Study Guide

His Girl Friday Hildy Johnson (Rosalind Russell)

Hildy Johnson (Rosalind Russell)

Hildy The Woman

Hildy wants to feel like a natural woman. She is woman; hear her roar. Man! She feels like a woman.

And for Hildy, being a woman means a whole lot of domestic bliss. She's chasing that hearth and home feeling—she feels as though being a journalist and being a woman are about as compatible as baking soda and vinegar.

HILDY: I'll be a woman, not a news machine! I'll have babies, give them cod-liver oil, and watch their teeth grow!

Dang. That makes you appreciate how far we've come, huh? But she's not just being anti-feminist. She's talking about how robotic she felt in her former marriage to Walter.

When she was married to Walter, Hildy worked all the time on the paper. Walter treated her more like an employee than like a wife; he cut their honeymoon short to go running after a story in a coalmine. He sent her around, she says, "like an errand boy." He was, in short, a "stinker."

But Bruce, her new fiancée, is not a stinker. He's a sweetie. He holds doors open for her. And Hildy likes how he treats her:

HILDY: He treats me like a woman.

See? And part of being a woman is being "respectable." Hildy wants to "live a half-way normal life" — which means honeymoons, babies, and staying at home while Bruce goes out and sells insurance.

Being a woman, in other words, for Hildy, means wearing pretty things, doing her make-up (as she does in that first scene with Walter), raising kids—and giving up her career. Hildy wants to be the kind of woman that woman were expected to be in 1940—beautiful, domestic, and homey.

Hildy the News Machine

Rosalind Russell, who plays Hildy, didn't want to be a domestic goddess, of course. She was a career actress. Grant introduced Russell to her future husband on the set—not an insurance salesman like Bruce, but a producer, Frederick Brisson. She didn't stop working when they got married though; she just kept making film after film.

Hildy says she doesn't want to be like Russell—but then, sometimes, she's not so sure. She claims she wants to stop being a newspaperwoman, but then she sure seems to be excited at the chance to chase down the story of Earl Williams' escape… so much so that she catches the warden with a flying tackle, and pays him $450 for the inside scoop.
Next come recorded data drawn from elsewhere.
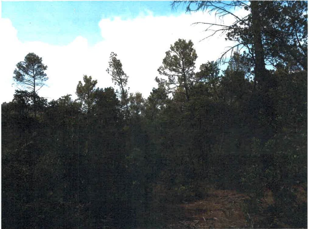
Vue interne de la parcelle - Photo n°1 (cf annexe 4, carte de localisation)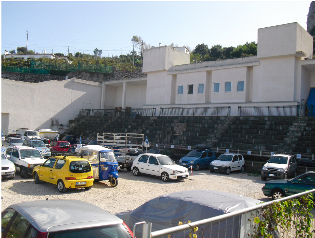
IMG. A01.04. - FOTO DELLO STATO DEI LUOGHI

PROGETTO DI FATTIBILITA' RELAZIONE ILLUSTRATIVA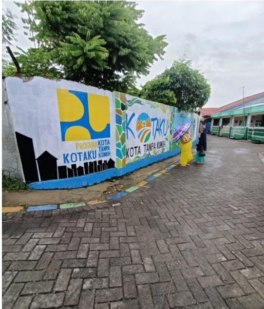
PERBAIKAN PP BLOK DAN SHOW CASE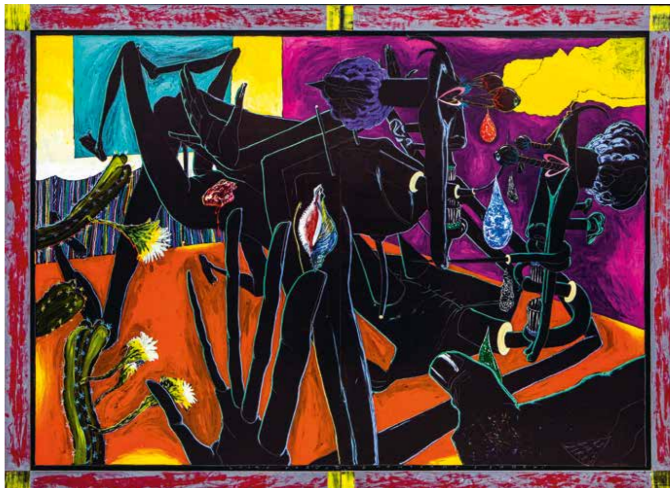
LÁSKA, NADĚJE - DRAHOKAMY I KAMENÍ, 2015, kombinovaná technika na dřevě, 228x370cm

Goya. Jeho excelence vešla, v obleku. Já už jsem měl igelity na zemi a na stole, abych prostor nepotřísnil od barev. V montérkách jsem se na něj podíval, a on říkal, vy jste chtěl jiný oděv a obrátil se. Pak vešel v kardinálském, byl velmi ukázněný, ani se nepohnul, a když jsem požádal, aby se podíval chvíli na mne, neotočil hlavu a jen se podíval. Byl první, kdo to udělal bez pohybu. Řekl jsem, že máme něco společného. Zvedl tázavě obočí. Já jsem řekl, že on deset let myl okna a já jsem dělal sedm let uklízečku na základní škole. Obraz byl pro něj dar od přátel.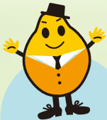
タンパク質分解酵素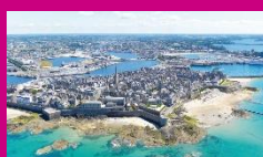
Sortie scolaire à Saint-Malo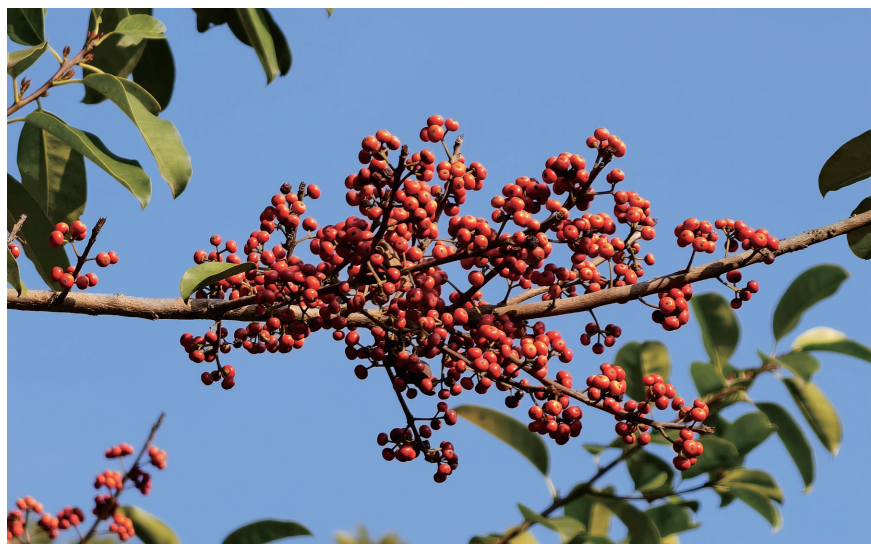
这个季节,也有果实来与鲜花斗艳。看!这是冬青。(摄于美林街道观音山)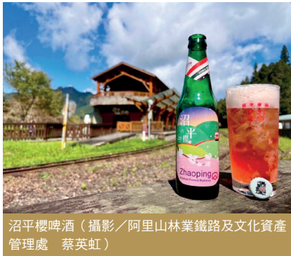
沼平櫻啤酒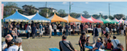
さまざまな店が立ち並ぶ模擬店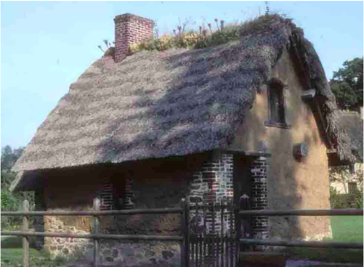
Le four à pain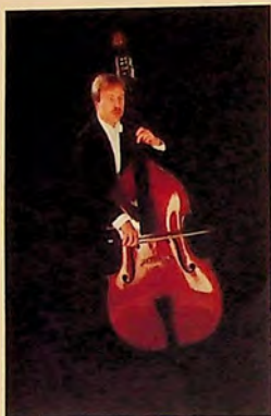
КРИСТИАН ВАНДЕР БОРГТ CHRISTIAN VANDER BORGHT

(програмата се представя за първи път в България) (Bulgarian premiere of the programme)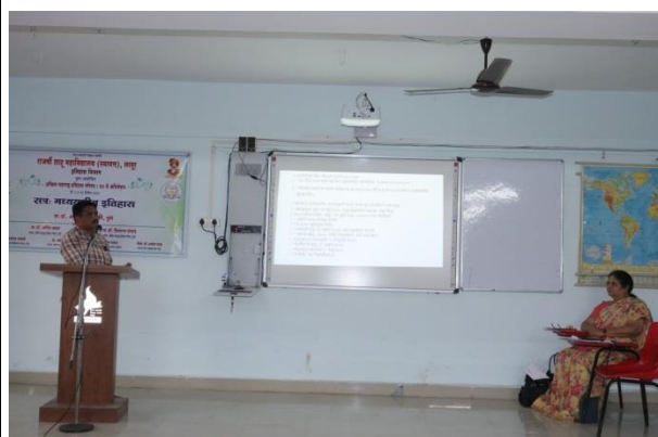
Paper Reading Session - History of Medieval India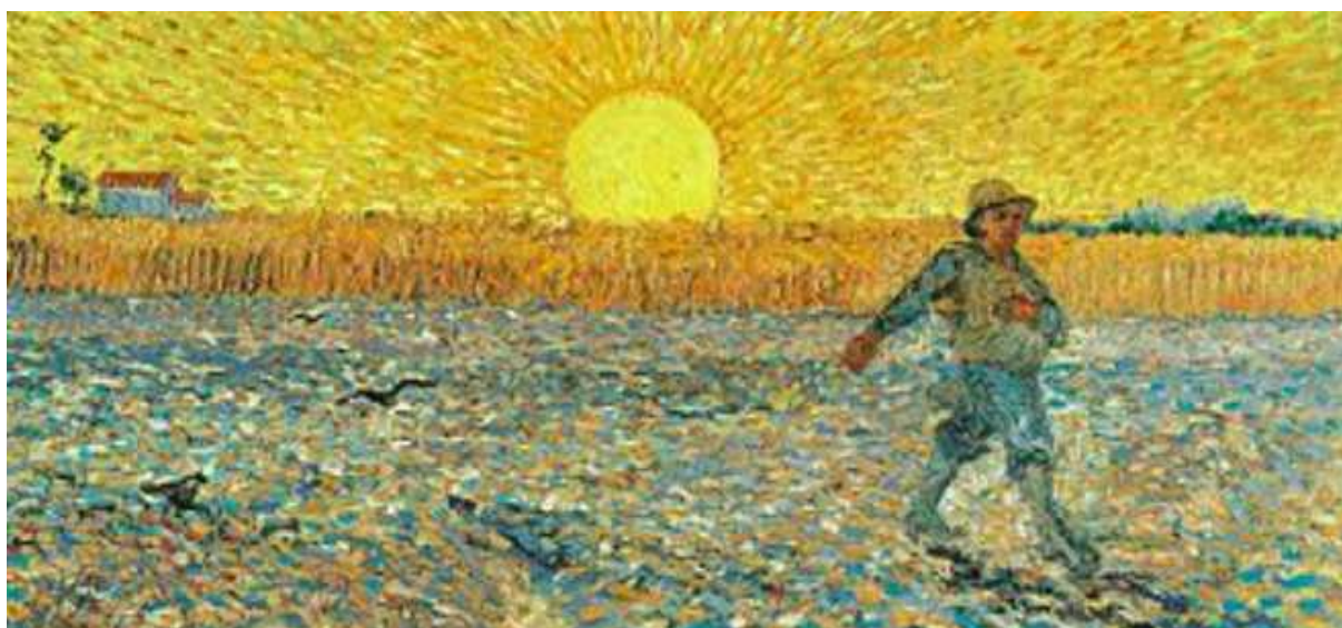
«Il seminatore uscì a seminare» (triennio 2014-2017)

A tutti l'augurio di una buona preghiera e di un buon lavoro!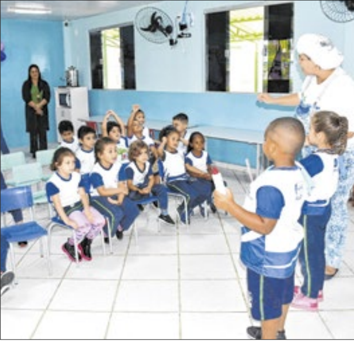
Inscrições vão até dia 31 de dezembro na internet

As inscrições para o Concurso Público nº 001/2025, voltado ao preenchimento de vagas na área da educação em Resende, vão ser abertas nesta quinta-feira (04). De acordo com o edital, o certame contempla 130 vagas para o cargo de auxiliar de creche, sendo 123 de ampla concorrência e sete reservadas para Pessoas com Deficiência.

And that $450? That money is Bruce's. She gives away her husbands dough to advance her career. That's hardly what a good domestic helpmate would do—or someone whose main ambition is to to feed babies cod liver oil. (Ew.)

Also, when Walter tells her that the Earl Williams story will make her career, she goes all dewy eyed. She practically swoons when he says:

WALTER: They'll be naming streets after you. Hildy Johnson Street. There'll be statues of ya in the park. The movies will be after ya. The radio. By tomorrow morning, I'll betcha there's a Hildy Johnson cigar.

Hildy wants there to be Hildy Johnson cigars. When Bruce tries to get her to come away with him to Albany towards the end of the film, she's so absorbed in her writing she can barely pay attention to him.

HILDY: This is the biggest thing in my life!
BRUCE: You never intended to be decent and live like a human.

Being "decent," for a woman at the time, meant giving up career and opportunity and ambition. Given that, Hildy decides, she doesn't want to be "decent" after all.

Hildy the Water Buffalo

But then, at the end, she sort of is decent after all.

In the original version of this story, Front Page, Hildy was a man, who was choosing between his career and his fianceé. But Hildy isn't just choosing between career and love. She's choosing between lovers, one of whom wants her to stay at home and work for him… and the other of whom wants her to come to the newspaper and work for him.

Hildy chooses a career—but she doesn't exactly get independence. Instead, she goes back to being Walter's errand boy, as well as Walter's woman. She doesn't even get to pick her honeymoon spot. Instead of Niagara Falls, she goes to Albany.

Albany, of course, was where Bruce and Hildy were trying to get for the whole film. You could say that Hildy gets everything she wants: domesticity and career both.

But you could also say that the "everything she wants" shows how little she's allowed. To be that career woman, she has to be in Walter's thrall. The movie can't, for example, imagine her as his boss. She has to settle for being Bruce's or being Walter's. She chooses Walter… but you can understand why, there at the end, she cries a little.